BÉZIERS. Arrivée par la D609


Vitrine d'un bouquiniste

En creusant un peu dans les archives de la sous-préfecture et avec quelques documents en ligne, je découvre que mon grand-père a été arrêté à Béziers en 1941 pour être transféré à Rivesaltes probablement sur l’ordre d’un commissaire de police du nom de Ménard, le même nom que le maire actuel. Je me sens fébrile, une sensation de resserement allant de ma nuque à mon diaphragme.

Mon grand-père a été transféré à l’ilôt Q du camp de Rivesaltes, puis à l’ilôt F car il était un homme indésirable valide. Il n’était pas une femme ni un enfant sinon il aurait été transféré à l’ilôt J. Il n’était pas un terroriste ni anarchiste sinon il aurait été envoyé au camp de Gurs, il n’était pas un polonais ou un russe des brigades internationales sinon il aurait pu partir dans un camp en Algérie. Il n’était pas juif sinon il aurait été, dès 1942 renvoyé à l’ilôt Q. L’ilôt K servait à la réception au criblage et au triage des arrivants. Il avait réussi à s'enfuir d'Argelès-sur-mer un an auparavant.


Dès l’arrivée des réfugiés républicains espagnols puis dans les années qui suivent, le gouvernement français promulgue deux décrets au sujet du contrôle et de la surveillance des étrangers. Dans le second décret, sont définis comme « étrangers indésirables » ceux dont les titres de séjour ne sont pas en règle et qui ne disposent pas d’un contrat de travail dûment signé avec une entreprise précise ; une sous-catégorie est prévue pour les apatrides (c'est-à-dire, le plus souvent, des Juifs fuyant le nazisme). Les mariages « mixtes » et les procédures de naturalisation sont sévèrement réglementés tandis que le procédé de déchéance est facilité. Il est également recommandé de diriger les indésirables vers des « centres spéciaux » pour les surveiller en permanence. Le 22 juillet 1940, une première loi sur la déchéance de nationalité avait été voté.
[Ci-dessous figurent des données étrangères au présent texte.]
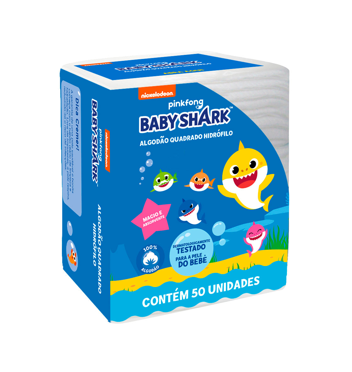 Quadrados de Algodão Baby Shark - 50 unidades

Aujourd’hui une nouvelle loi sur la déchéance de nationalité a été votée. Mr Ménard, maire de Béziers et proche du FN a déclaré il y a quelques temps : « être français se mérite ! ».
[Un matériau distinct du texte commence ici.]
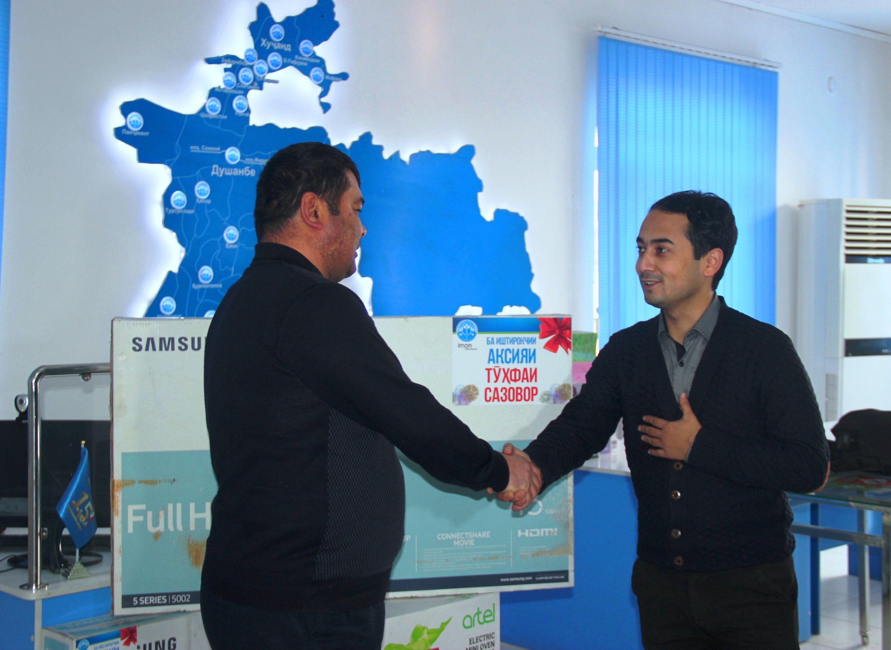 «Сегодня очень особенный день. Я получаю новый телевизор ультравысокого разрешения, и буду смотреть свои любимые фильмы в формате Full HD. «ИМОН ИНТЕРНЕШНЛ» надежный финансовый институт, которому можно доверить свои средства, и ещё получить гарантированный подарок. Это многого стоит, поверьте и мы предприниматели это ценим. Благодарю всех сотрудников и организаторов акции «Тухфаи сазовор» и желаю дальнейшего процветания «ИМОН ИНТЕРНЕШНЛ», -говорит клиент из Дж. Расуловского района.

Je me promène, je discute un peu dans un café, une librairie. Discussions ordinaires. On me glisse que la ville est plus tranquille, que c’est moins le bordel qu’avant !

De petits haut-parleurs diffusent de la musique. Un morceau de rap passe : « tu es venu au monde, n’attends pas que le monde vienne à toi. La vie appartient à ceux qui se lève tôt ». Il y a du linge suspendu à certaines fenêtres ! Une ville reste une ville avec ses habitants qui vivent ordinairement. Si je ne m’enfonce pas dans les réalités les plus intimes, ou auprès des acteurs culturels ou sociaux, rien ne semble avoir changé du fait de la nouvelle mairie.

Je vais m’installer à la médiathèque. C’est mercredi. Il y a du monde. Des jeunes filles, certaines voilées, participent à un atelier vidéo qui consiste à suivre une chorégraphie montrée à l’écran en étant filmé. Je monte à l'étage et m'installe à une table entre des adolescents chahuteurs et des étagères chargées de livres sur la tauromachie.